Have You Forgotten These Former NFL Quarterbacks?
Perhaps no single position in any American sport garners more glory than quarterback. Look no further than the likes of Peyton Manning and Tom Brady to see how star quarterbacks can transcend sport and permeate mainstream pop culture. But not all quarterbacks have the staying power of Manning or Brady. QBs who were once seemingly the brightest of stars have burned out — or at least withdrawn from the spotlight, often not by choice. Here's where some of those quarterbacks are now.

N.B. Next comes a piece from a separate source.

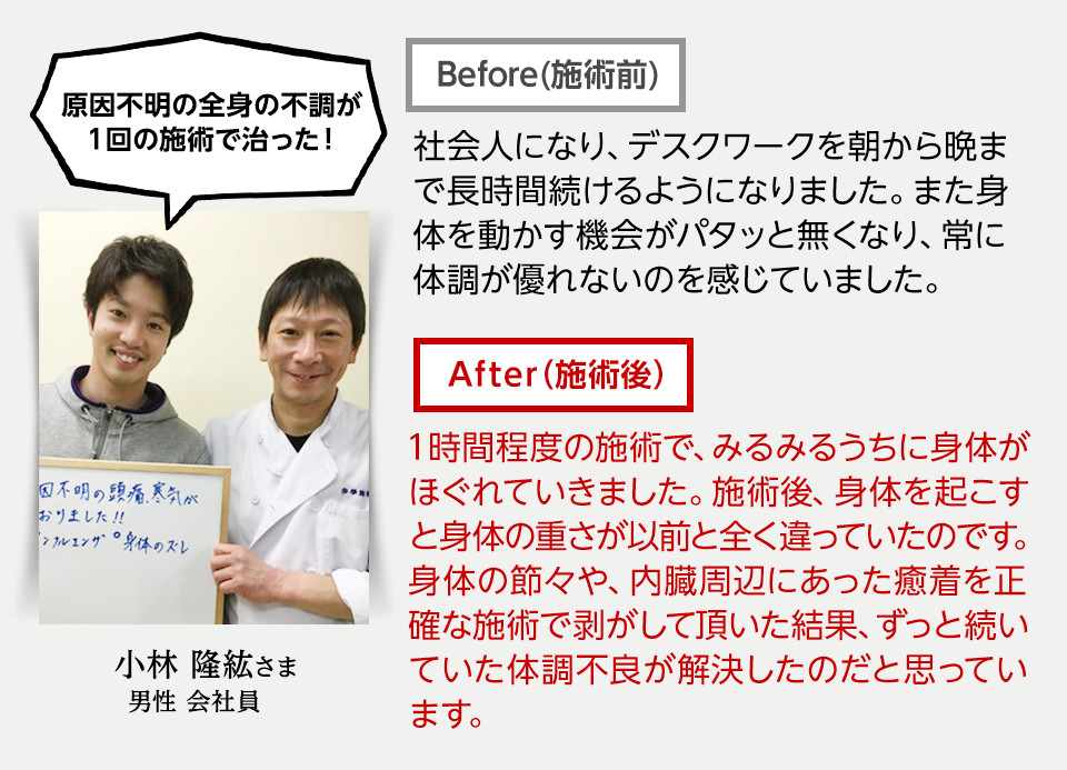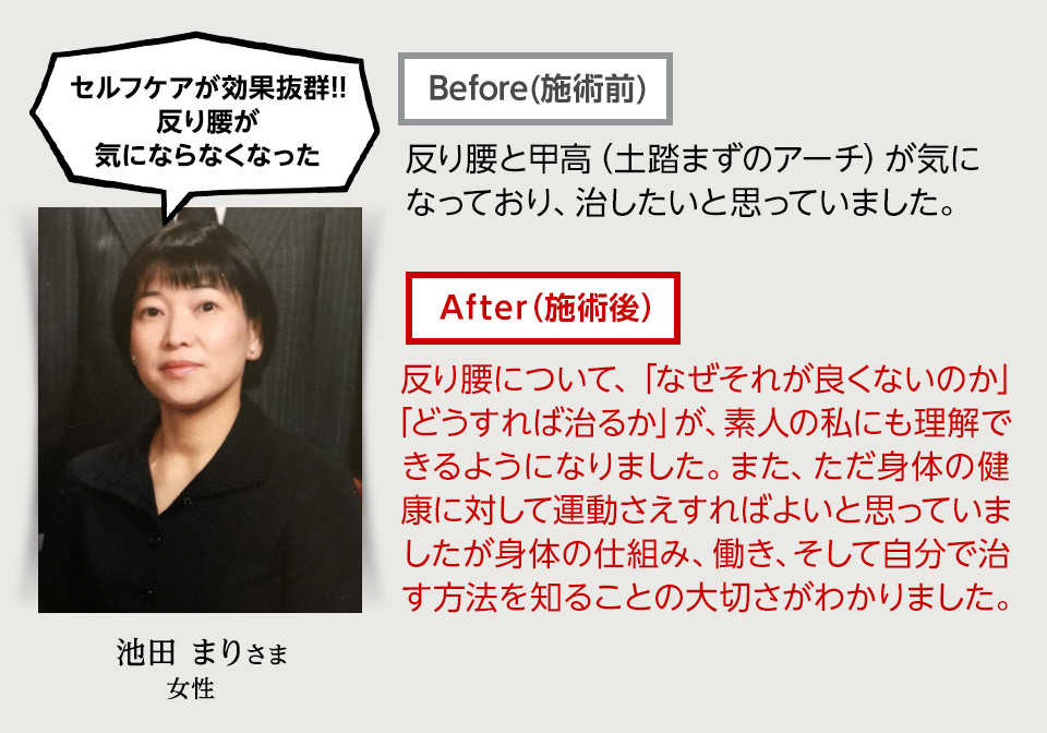 そして施術を受けると左足のキツさがなくなり、たまに感じていた腰痛も一切なくなったのです。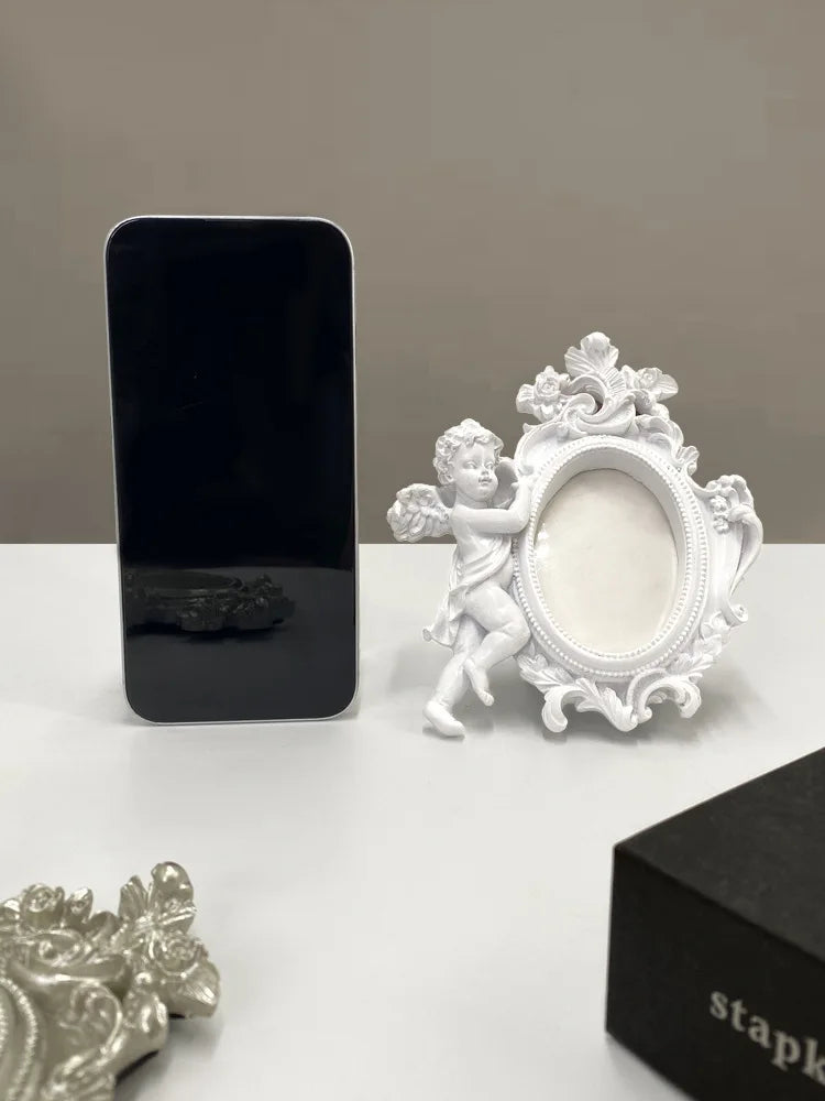 Verleihen Sie Ihrem Wohnzimmer oder Schlafzimmer europäischen Charme mit unserem 14cm Resin Engel Bilderrahmen. Dieses zarte Objekt verbindet Tradition und Stil und verspricht, Ihre Räume mit Anmut zu schmücken.

As the quarterback at Notre Dame from 2003 through 2006, Brady Quinn had it all: the looks, the wins and the NFL scouts eyeing his every move. Quinn played in a number of big-stage games commanding the Fighting Irish football team, throwing for over 11,000 yards and 95 touchdowns during his collegiate career.
Joey Harrington was a star in college at Oregon, but he never achieved that status in the NFL. In fact, he never came close to living up to the lofty expectations that inevitably come with being selected early in the NFL draft. It wasn't all Harrington's fault; the Detroit Lions teams he played on just weren’t that great.
Jared Lorenzen was known by the nickname "The Hefty Lefty" because he threw left-handed and was well above the weight for the typical quarterback. But despite well-known struggles with his weight, Lorenzen was able to lead the University of Kentucky to relevance in the Southeastern Conference — a rare feat for the school.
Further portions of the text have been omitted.